SoFunction
Updated on 2025-03-03

Python Regular Expressions (?=...) and (?<=...) symbols

introduction

I encountered a relatively difficult problem today, so I finally planned to use the regular expression(?=...)and(?<=...)The symbol has started.

text

(?=...)Express whenWhen matching, the match is successful, but does not consume any characters in the string. This is called forward assertion(lookahead assertion). for example,Isaac (?=Asimov)Will matchIsaac, only if it is followed immediatelyAsimov

In the previous introduction, why should I use it?()Symbols and...The meaning of symbols. In fact, the above(?=...)and(?<=...)In...Symbols can be replaced with any symbol.

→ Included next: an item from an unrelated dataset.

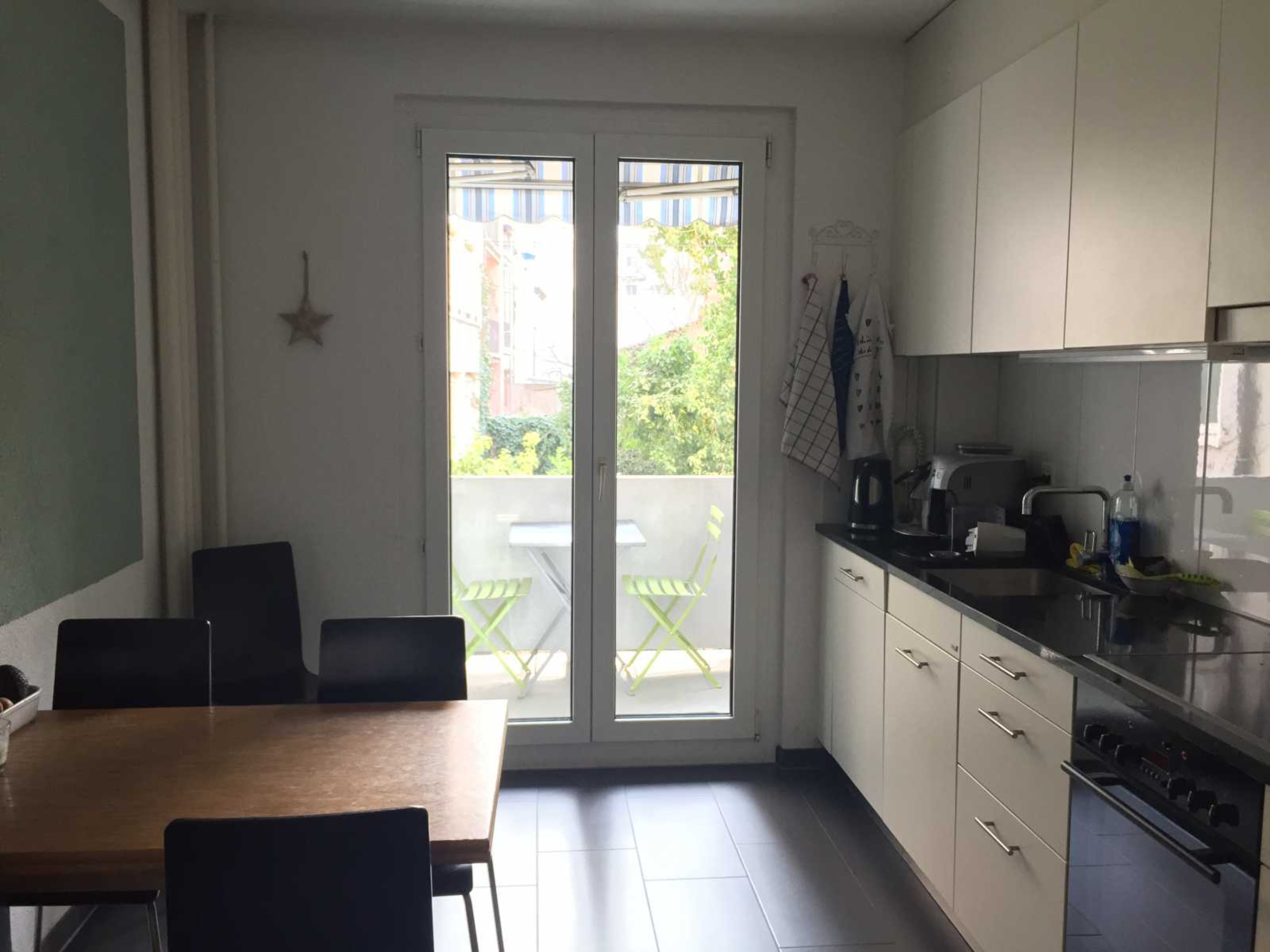 Das Zimmer ist ca. 18.5m2 gross, verfügt über einen Parkettboden, hat ein grosses Fenster Richtung Innenhof und direkten Zugang zum Balkon. Das Zimmer ist unmöbliert. Die moderne & gemütliche Küche mit einem ausziehbaren Tisch und das kleine aber feine Badezimmer sind bestens ausgestattet. In der Miete sind Nebenkosten (inkl. Internet) inbegriffen.

For the sake of convenience, we will...Symbol replacement with\tSymbol.

Example 1

import re

str1 = 'abc\tdefghi\txyz'
print(('(?=\t)', str1))
"""
result:
< object; span=(3, 3), match=''>
"""

You can see that it matches the index value3of\tcharacter, but since it is a forward assertion, that is, searching forward, and our matches(?=\t)There were no characters before, so nothing matched.

Example 2

Our example1The matching content in  has been slightly changed.

import re

str1 = 'abc\tdefghi\txyz'
print(('abc(?=\t)', str1))
"""
result:
< object; span=(0, 3), match='abc'>
"""

You can see that the string is matchedabc

Example 3

(?<=...)Indicates if...The matching content of   appears on the left side of the current position, and then it matches. This is called affirmative rearview assertion(positive lookbehind assertion)。 (?<=abc)defWill be inabcdefA match was found in  , because the backview will fall back3character and check whether the internal expression matches. The internal expression (matched content) must be of a fixed length, which meansabcora|bIt is allowed, buta*anda{3,4}Can't. Note that for regular expressions starting with positive backview assertions, matches generally do not start with the search string.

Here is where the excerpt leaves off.